Secret Lives: Reaping What She Sews

While growing up in a working-class neighborhood in Michigan, Dean Carol A. Lefebvre remembers her parents designating a strict budget for school clothes. Once the money was gone, it was gone, so Lefebvre and her sister learned to make wise choices in quality and affordability.

They also learned how to sew.

“Our budget for school clothes was limited, but we had unlimited access to fabric,” she recalls with a laugh. “We’d buy things like jeans, then sew our own tops and dresses. It was fun.”

She’s maintained the habit throughout her life — Lefebvre has a sewing studio in her home — and she expanded on the talent when she moved to Augusta in 1989. “I thought since quilting is traditionally a southern skill, I should learn it. It would help me fit in and feel like part of the community.”

She mastered the skill quickly and has enjoyed it ever since.

Quilts — batting enclosed between layers of fabric and kept in place by lines of stitching — emerged as an economical way to salvage scraps of materials, producing blankets often made of recycled clothing. “Back in the old days, quilts were really utilitarian,” Lefebvre says.

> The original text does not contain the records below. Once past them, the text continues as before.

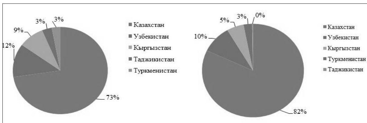
Рисунок 1. – Удельный вес от всей украинской диаспоры в разрезе стран Центральной Азии в конце 80-х – начале 2010-х гг. [2-6; 8, С. 119-131; 9-10; 14-15].

С момента проведения в 1989 г. переписи населения в Советском Союзе численность украинской диаспоры в странах Центральной Азии значительно сократилась. За результатами переписи на 1989 г. в странах Центральной Азии проживало 1234417 украинцев, из которых 896 240 человек проживало в Казахстане (72,6 % от всей украинской диаспоры в регионе), 153197 – Узбекистане (12,4), 108027 – Кыргызстане (8,75), 41375 – Таджикистане (3,35) и 35578 – Туркменистане (2,9). На начало 2010-х годов Казахстан по-прежнему остается лидером за численностью украинской диаспоры, а украинская диаспора в Таджикистане за результатами переписи 2010 г. наименее численная в регионе Центральной Азии. Согласно результатам переписи населения 2009 г. в Казахстане и Кыргызстане как украинцы идентифицировалось 333031 и 21924 человека соответственно, в Таджикистане – 1090 (2010 г.), в Туркменистане – 11 тис., Узбекистане – 39 тис. украинцев (оценочные данные). Состоянием на раунд переписей 2010 г. в странах региона проживало 406 тыс. украинцев, что составляет 39,2% от численности украинцев за переписью 1989 г. За период конца 80-х XX в. – начала 2010-х гг. структура украинской диаспоры в регионе изменилась (рис. 1). В разрезе стран увеличился удельный вес украинской диаспоры, которая проживет в Казахстане, за счет большего уменьшения численности украинской диаспоры в других странах, незначительно изменился в Туркменистане и в 12 раз уменьшился в Таджикистане.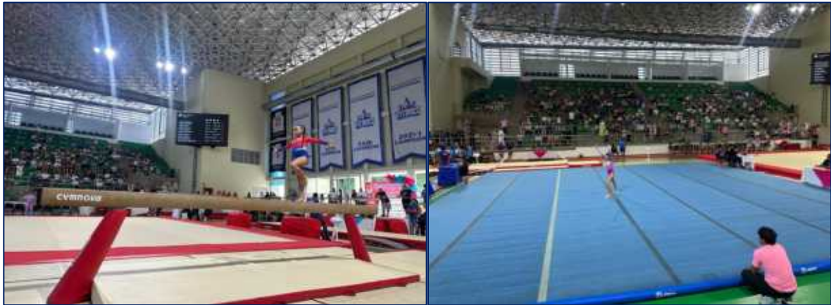
Deportistas femeninas realizando su presentación en el festival Nacional de Gimnasia Artística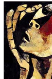
● لوحة الفنان وزولد غوياسامين

● حميد حسن جعفر أولاً عندما تتوقعن ميوطي فكم أذا النهار على مزارعك، (لولا) عندما تنكح عند النقا، الطراقة، عند آخر خبطة لتلقيني بشيء، وضعي ساقاً على ساق، ممتلئة بشيء من الكروياء، لا أحد تخطي وهاك، ولم يحذف بارئك تطلع من أبطيك، ويطيور تلتقط حياً عند اسفل بطانك، حين أمر ببارة ما وبمواصفك، فكأنك أن أعلن خناسري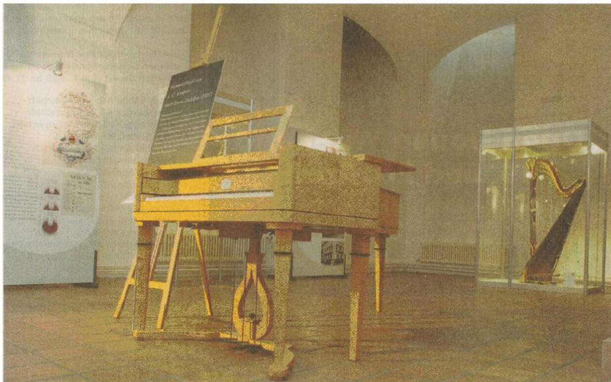
Nachgebaut. Zu sehen ist auch ein Hammerflügel von Louis Dulcken aus der Gründerzeit von Musik Hug.

Wildt'sches Haus, Petersplatz 13, Basel. Montag bis Freitag 14 bis 17 Uhr. Samstag und Sonntag 10 bis 16 Uhr. Vormittags auf Anmeldung: 061 272 33 90. Eintritt frei. Bis 4. Mai.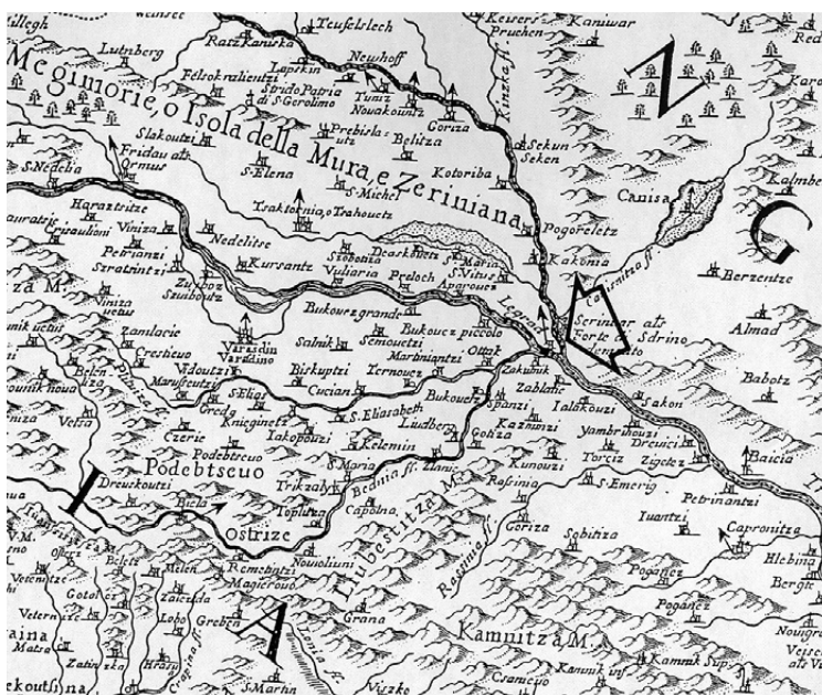
Međimurje i Podravina na karti G. Cantellija iz 1690. godine

Iako izložena velikim demografskim i gospodarskim pritiscima, priroda Međimurja vrlo je dobro očuvana. Pitomi brežuljci Gornjeg Međimurja prošarani su brojnim šumarcima i ekstenzivnim poljoprivrednim površinama (vinogradi, voćnjaci, livade). Ravnicom Donjeg Međimurja dominira kultivirani krajolik koji, pak, obiluje živicama, šumarcima i potocima. Prirodni biser Međimurja

These days, the hobby has become a highly social and artistic means of creative expression.

“Quilts take me a long time to complete as I am only able to work on them for short periods of time,” says Lefebvre, “but I still manage to make about three to five a year. Because I turn out so few quilts in a year, I primarily quilt for family, as well as friends who are like family.”

She recently added yet another beneficiary to her list. Lefebvre made a University of Georgia-themed quilt and donated it to a lucky raffle winner, with proceeds benefiting the American Heart Association. Dr. Allen Braselton, assistant professor for patient services, was the winner of the quilt.

“Georgia is our biggest feeder school,” she says, “so I thought it would be fun to tie that connection into a quilt.”

Says Lefebvre, “I’ve always loved art — we have over 180 pieces of it in The Dental College of Georgia Building — and it’s a great feeling to use my creativity to benefit a good cause.”